DIRECTIONS: Pictures aside, print all of the data below exactly as written.

INPUT DATA:

.....

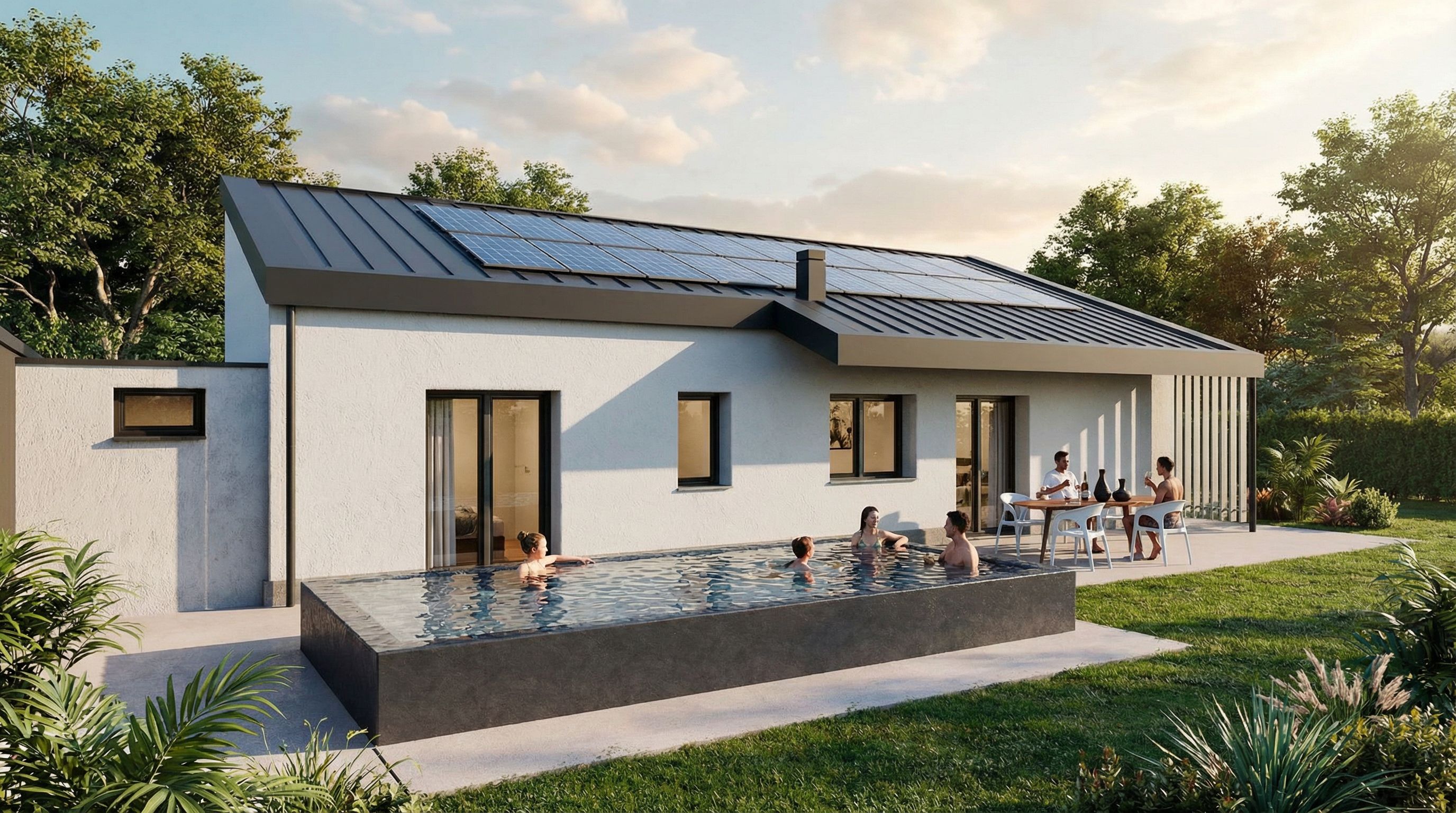 architectural exterior rendering, render this 3D mass into photorealistic rendering, add people in pool, people seating, keep exact camera angle, high quality, professional, detailed scene
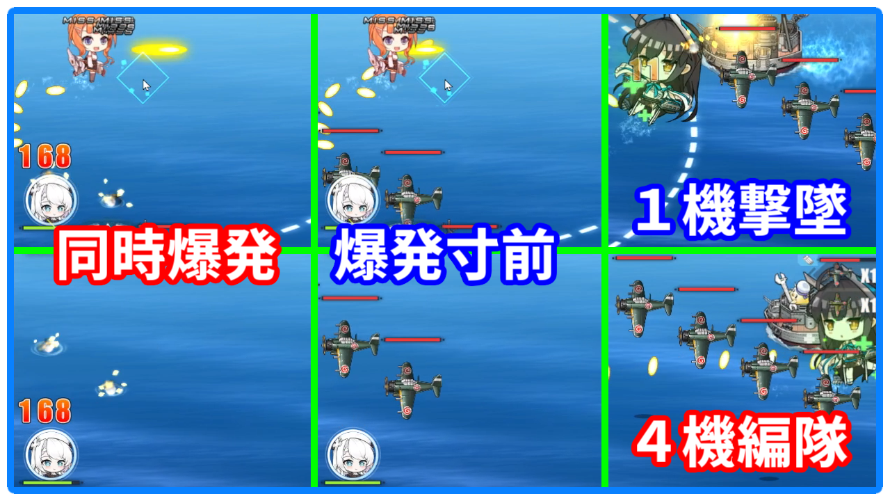 編隊の先頭が左端に到達すると、その編隊に所属する航空機は全て爆発して主力にダメージを与える。
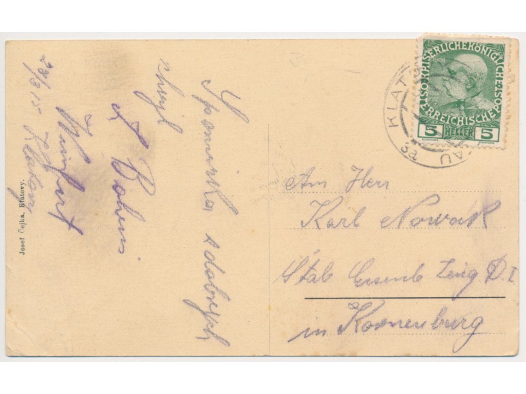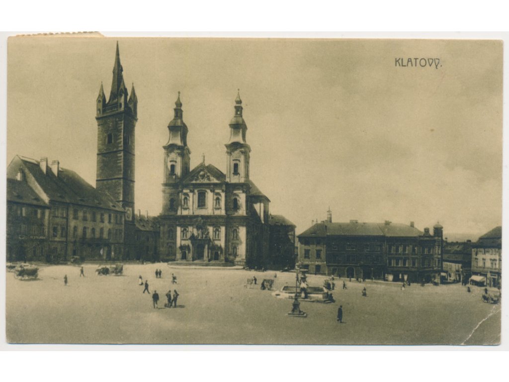 28 - Klatovy, partie z oživeného náměstí, cca 1916, vada - lom v růžku

.....

TASK OUTPUT:
 architectural exterior rendering, render this 3D mass into photorealistic rendering, add people in pool, people seating, keep exact camera angle, high quality, professional, detailed scene
 編隊の先頭が左端に到達すると、その編隊に所属する航空機は全て爆発して主力にダメージを与える。
 28 - Klatovy, partie z oživeného náměstí, cca 1916, vada - lom v růžku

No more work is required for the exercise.